The house is open from 7 a.m. to midnight on Thursday, Friday and Saturday and from Oct. 25-31.

Two treasures make this haunt special.

The first is a coffin, circa Second World War, which guests will pass by at the end of their journey through the house.

The second is Haunted Hollow’s very own spook, a specter named Cassy.

Page said one of the attractions in the house is a tribute to her.

On a busy night, which is usually a Friday or Saturday, the house sees between 275 and 300 customers, Page said.

And all of those customers get one-on-one attention. Page said, “Our job as greeters is to bring out your worst fears and capitalize on that.”

Page said he and Kerley take an innovative approach and go all out for customers.

One time they hid in the backseat of a woman’s car at the request of her kids.

Page said the woman drove all the way to a store parking lot before discovering them.

Page and Kerley are willing to jump into cars, throw chairs and fire a fake shotgun in the name of the show.

Page said they act obnoxiously on purpose.

“We’ve gotten better at our entertainment, our crowd engagement (since the first year). Rudeness has a way of bringing out the greatest fear in people,” he said.

Page said work on the house began in August. “The lights take the longest,” he said, adding that the house is wired with sound and has fog machines.

“The house comes alive with noise,” Page added. He added that the animatronics — life-like motorized puppets — are built instead of bought.

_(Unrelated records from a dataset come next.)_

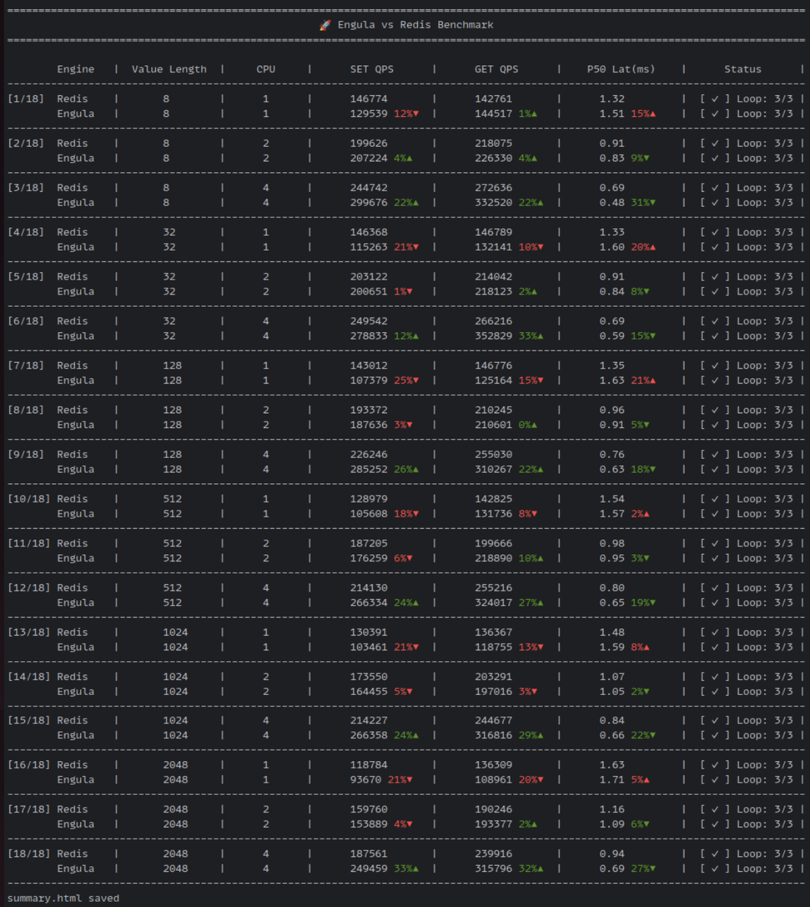 Test Duration: A total of 18 test groups (each executed for both Redis and Engula, three iterations per group) are automatically run. Total runtime is approximately 40 minutes.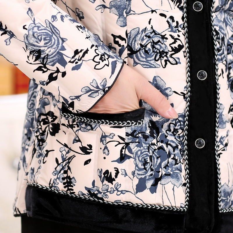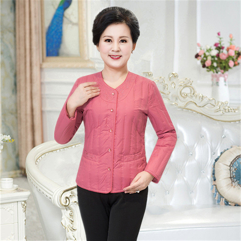 雅鹿中老年开衫保暖内衣女士加绒加厚羽绒填充保暖衣妈妈防寒外套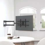 De beugel biedt een brede reeks instellingen, waaronder kantelen van +5° tot -15°, zwenken tot ±90° en het instellen van de afstand tot de muur tussen 82 en 1015 mm. Compatibiliteit met VESA-standaarden van 200x200 mm tot 800x400 mm zorgt ervoor dat hij met de meeste beschikbare tv-modellen kan worden gebruikt.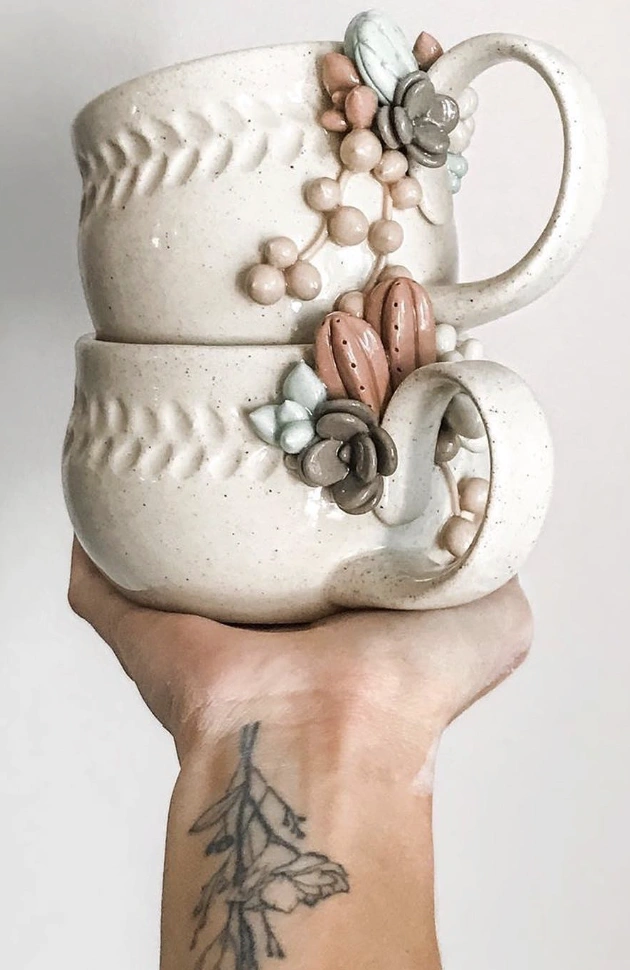 Stacked Ceramic Mugs with Sculpted Succulent Details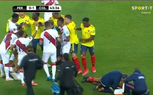 Cuando parecía que todo estaba favorable para Perú, llegó el gol de Colombia tras un error en el arco de Pedro Gallese (considerado como blooper). Minutos después, Miguel Trauco cometió esta lamentable jugada.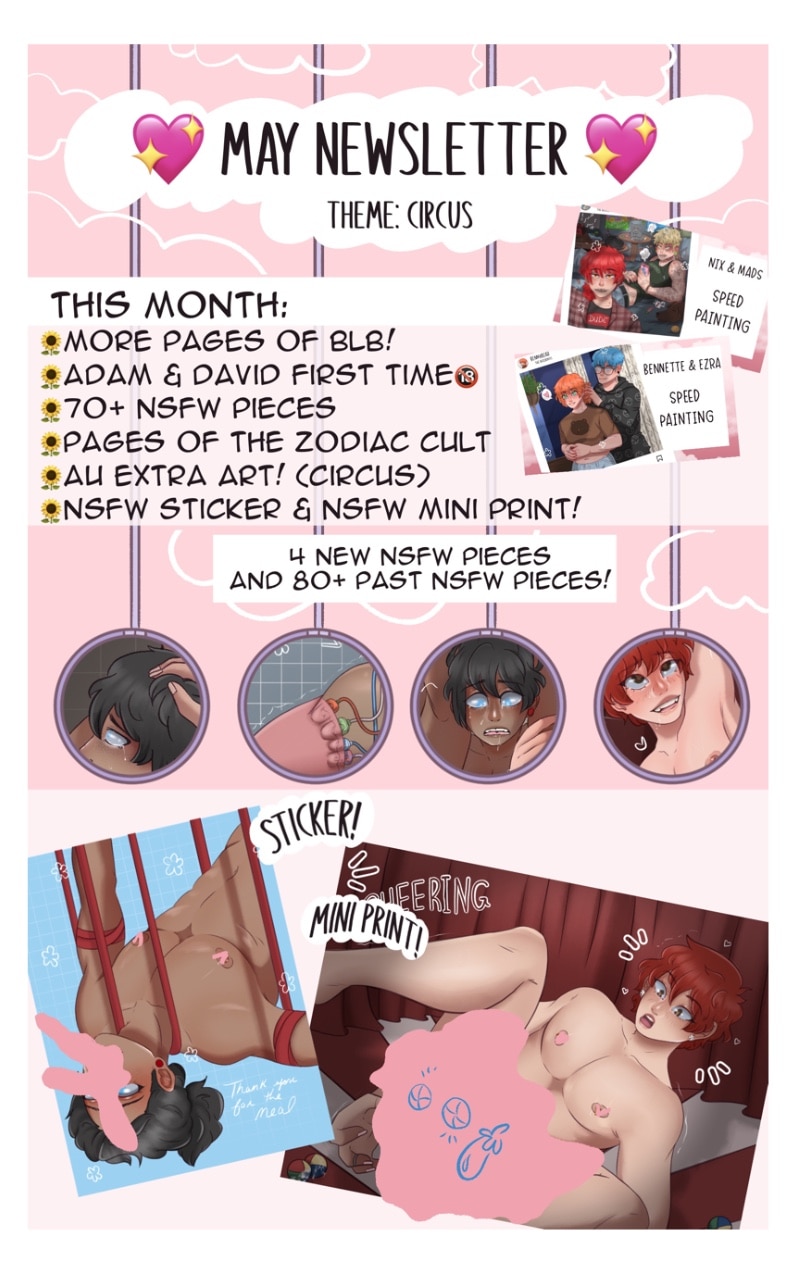 Patreon is currently 30+ pages ahead with TONS of tame & spicier content like 4 NS-FW pieces a month, Character Audios, AUs, Monthly Stickers AND MORE!

Phillip Martin has been crafting intricately-designed cobwebs for Haunted Hollow since it opened.

He said the best part about doing that is when his work “bothers” the customers.

The webs get tangled in their hair or stick to their clothes.

Martin added that seeing how people are changed by fright is what he likes about helping with Haunted Hollow.

“Everybody is tough out here, but not in there,” he said, pointing to the haunted house.